Maia Guilherme Augusto, Filho Vilmar Benetti, Kawagoe Eric Kazuo, Teixeira Soratto Tatiany Aparecida, Moreira Renato Simões, Grisard Edmundo Carlos, Wagner Glauber
Laboratório de Bioinformática, Universidade Federal de Santa Catarina (UFSC), Campus João David Ferreira Lima, Florianópolis, Brazil.
Instituto Federal de Santa Catarina (IFSC), Campus Lages, Lages, Brazil.
Front Genet. 2022 Nov 22;13:1020100. doi: 10.3389/fgene.2022.1020100. eCollection 2022.
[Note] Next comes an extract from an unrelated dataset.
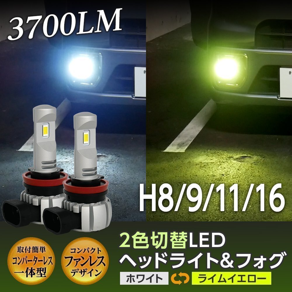 > ウェイク H16 フォグランプ ライムイエロー ホワイト 2色切替 カラーチェンジ LED 一体型 2灯合計3700LM
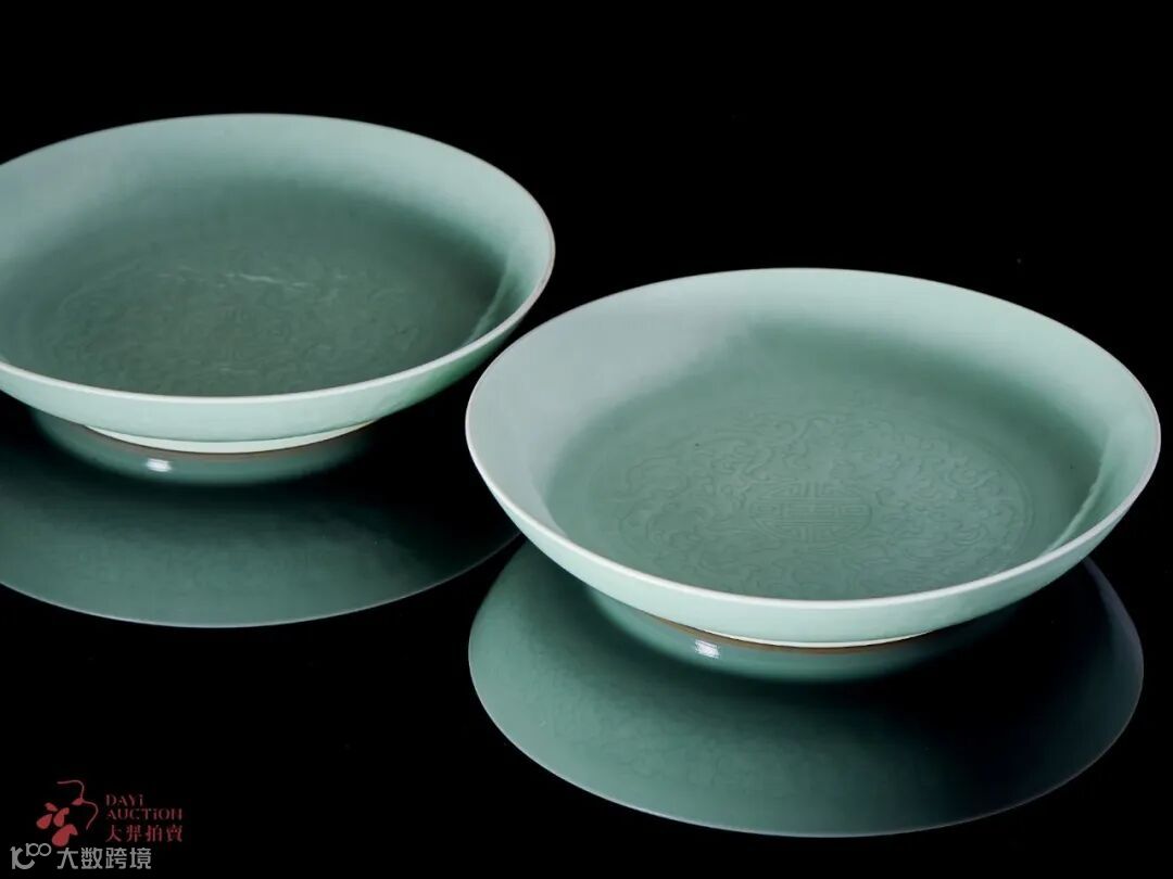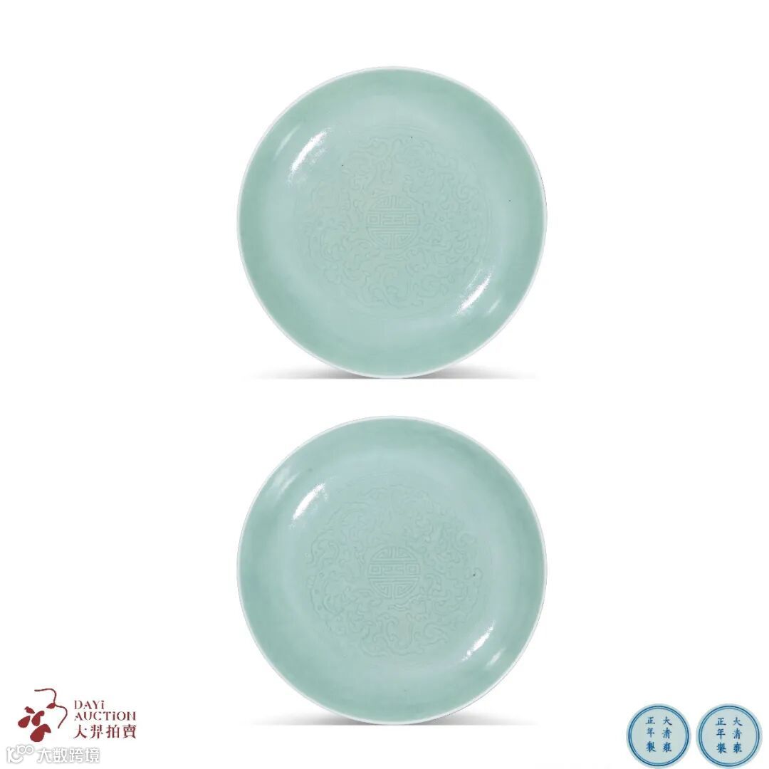 本场另一件宫廷祝贺寿诞之用品,LOT804 清雍正 青釉暗刻螭龙捧寿纹盘一对,通体满施粉青釉,粉青釉是清代青色釉瓷的一种,其色调匀净明洁,釉面细腻光润,为雍正朝经典品种之一。盘心双圈内暗刻双螭龙捧团寿纹,外壁刻两两相对的变形螭龙纹四组。图案繁缛却刻划工整,寓意着对帝王的祝福 。同类器物北京故宫博物院也有收藏,可资比较。

Assignment of gene function has been a crucial, laborious, and time-consuming step in genomics. Due to a variety of sequencing platforms that generates increasing amounts of data, manual annotation is no longer feasible. Thus, the need for an integrated, automated pipeline allowing the use of experimental data towards validation of prediction of gene function is of utmost relevance. Here, we present a computational workflow named AnnotaPipeline that integrates distinct software and data types on a proteogenomic approach to annotate and validate predicted features in genomic sequences. Based on FASTA (i) nucleotide or (ii) protein sequences or (iii) structural annotation files (GFF3), users can input FASTQ RNA-seq data, MS/MS data from mzXML or similar formats, as the pipeline uses both transcriptomic and proteomic information to corroborate annotations and validate gene prediction, providing transcription and expression evidence for functional annotation. Reannotation of the available , and genomes was performed using the AnnotaPipeline, resulting in a higher proportion of annotated proteins and a reduced proportion of hypothetical proteins when compared to the annotations publicly available for these organisms. AnnotaPipeline is a Unix-based pipeline developed using Python and is available at: https://github.com/bioinformatics-ufsc/AnnotaPipeline.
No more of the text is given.